Well, I have decided to love them. To look forward to them. To care about them. To take care of them the best I can for 86 minutes Monday-Friday.
So…here’s what I’ve done.
I told them at the beginning of the semester that:
1. I was not going to judge them for their poor attendance. I don’t know what their reasons are for not coming to school. I was going to be happy when they showed up, help them make up their work when they were absent, and let it go if they didn’t try to make up their work.
2. I was going to “love them to death” and let them have some fun…
3. I was going to design the class and the work so that if they would show up and do exactly what I said every day, they would wind up with a good grade.

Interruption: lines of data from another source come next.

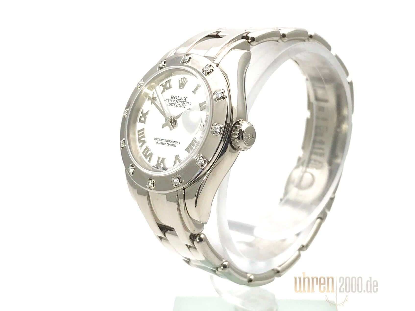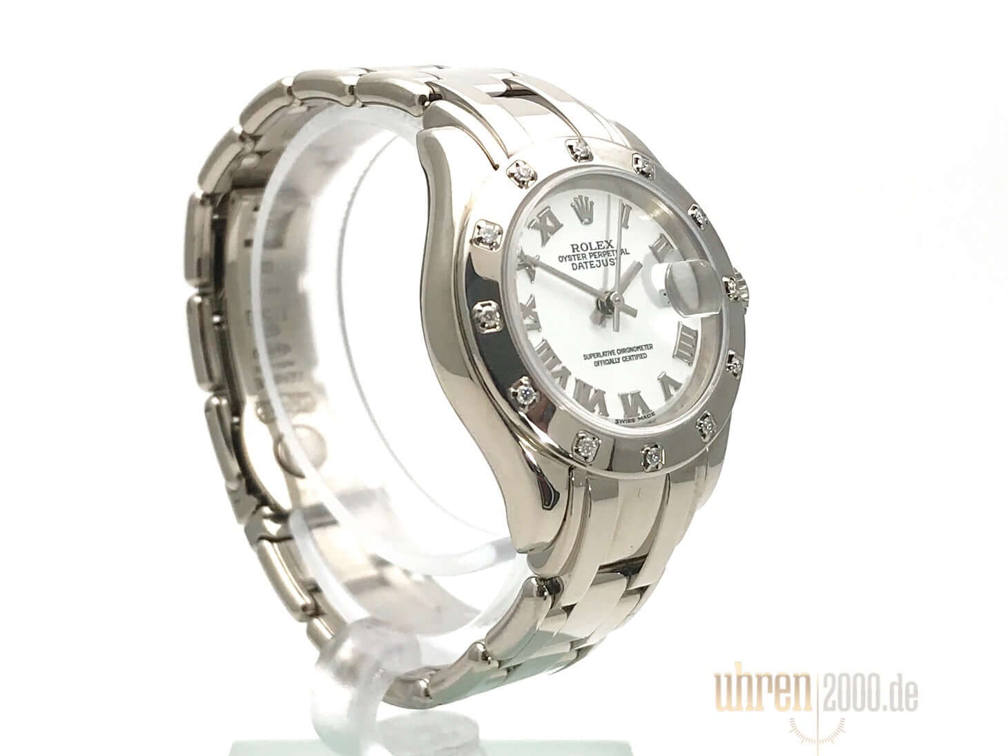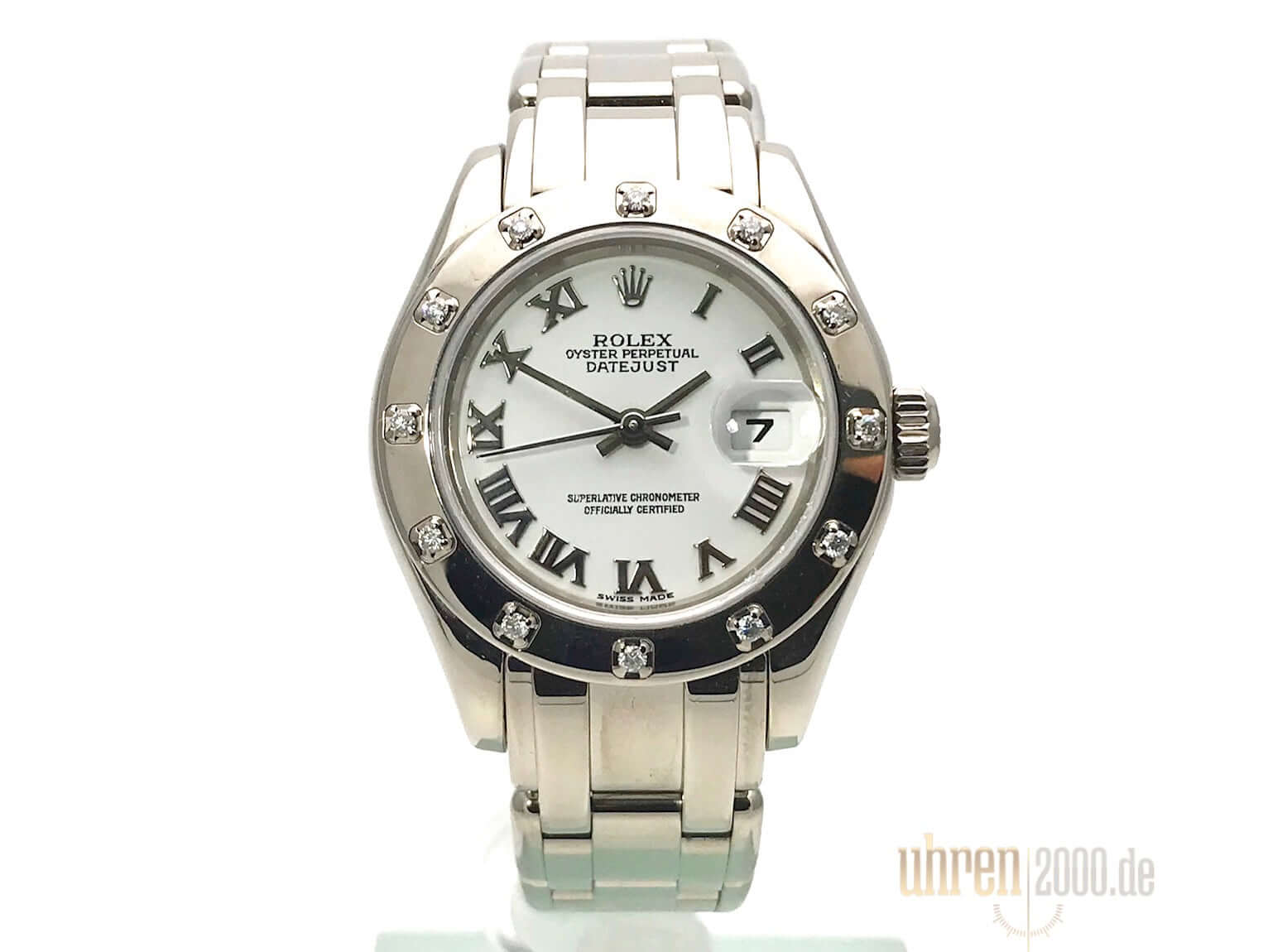 Gehäuse aus 18 kt Weißgold poliert und satiniert, Gehäusedurchmesser 29 mm, geriffelte Lünette aus 18 kt Weißgold mit Diamanten besetzt, 18 kt Weißgold Armband poliert mit Faltschließe, weißes Zifferblatt mit römischen Ziffern, Automatikwerk, Chronometer, Rolex Manufakturkaliber 2235 mit 31 Steine, 28.800 A/h, Datumsanzeige, kratzfestes Saphirglas, verschraubte Krone aus 18 kt Weißgold, Boden aus 18 kt Weißgold verschraubt, Wasserdicht bis zu 10 bar.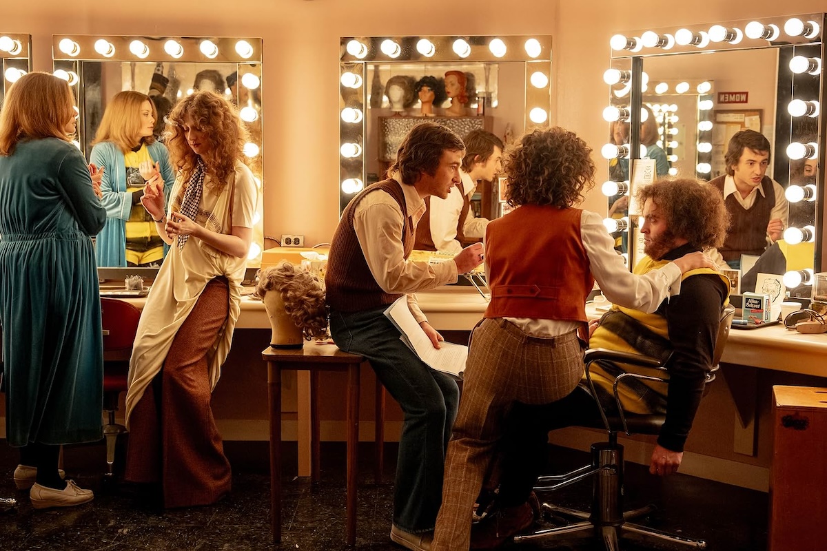 More than most films with specific historical fixings, Reitman’s SNL origin story will strike viewers differently, depending on one’s own experience with and opinions of the show. Reitman himself can tell the tale with objectivity and a satirical zing, having been born a decade after its launch. He freely lambastes the cynical network duplicity (creepily embodied in Willem Dafoe’s portrayal of the jumbo-bespectacled corporate suit) and damning depictions of the unapologetic crassness of Johnny Carson and Milton Berle, representing the late-night TV Old Guard that SNL sought to revolutionize and topple.
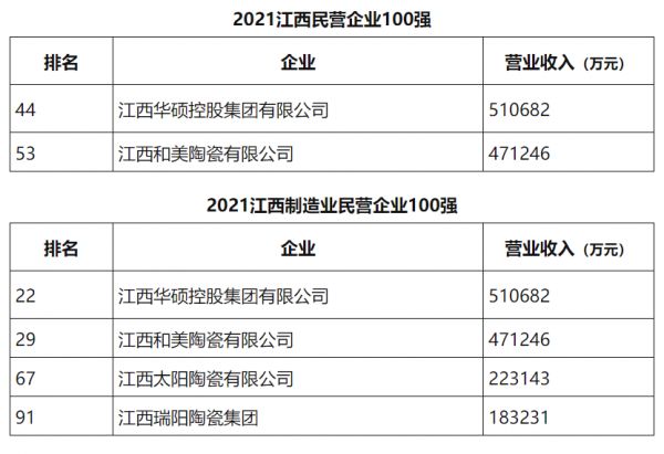 12月13日,江西省政府新闻办、江西省工商联主办的2021江西民营企业100强暨社会责任报告新闻发布会在南昌召开。会上发布了2021江西民营企业100强、2021江西制造业民营企业100强、2021江西民服务业民营企业20强榜单。其中,华硕控股、江西和美、太阳陶瓷、瑞阳陶瓷4家江西建陶企业上榜。
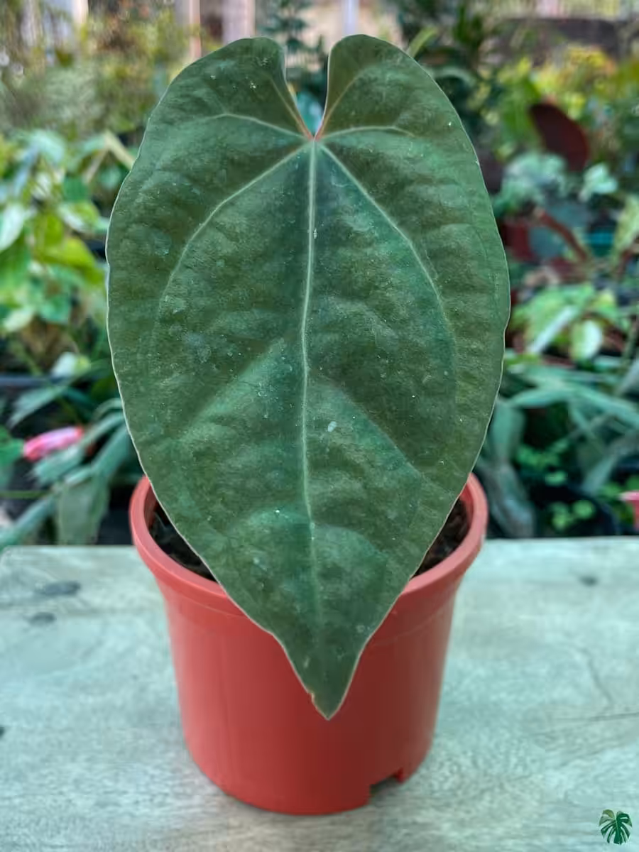 This is the original Anthurium Ace of Spades, not a hybrid, with attractive glossy and velvety leaves, which all the aroid-lovers want to have in their collection.

4. That sometimes they would get money for good grades (I give them a $1 here and there when they do well), they would always get support, and they would never get criticism for their days missed.
And, I decided a birthday party wasn’t such a bad idea, either.
So, last Friday, I gave a birthday party for three students who had had birthdays in February. Cupcakes (pretty ones, too, I might add), balloons, streamers hanging that were stamped with a colorful “Happy Birthday.” I lit birthday candles perched atop the fluffy white icing and candy sprinkles. I said, “Close your eyes and make a wish.”
I said, “Let’s all sing ‘Happy Birthday,’” and the whole class joined in and sang.
I gave each of the three $2 and a nice birthday card signed by me.
A couple of them had tears in their eyes.
One said, “My own family never gives me a cake with a candle on it on my birthday.”
My reply: “What’s a birthday without a cake and some candles?”
They all made a wish. They all blew out their little cupcake candles. We took pictures. We all smiled.
They all said, “Thank you, Mrs. Barger.”
The entire class sat there eating the beautiful colorful cupcakes and they all were SMILING.
They (and I) have been smiling a little more all this week, too.
And I just love them. And I don’t care when they are absent. I’m just glad when they’re there, especially if they show up smiling.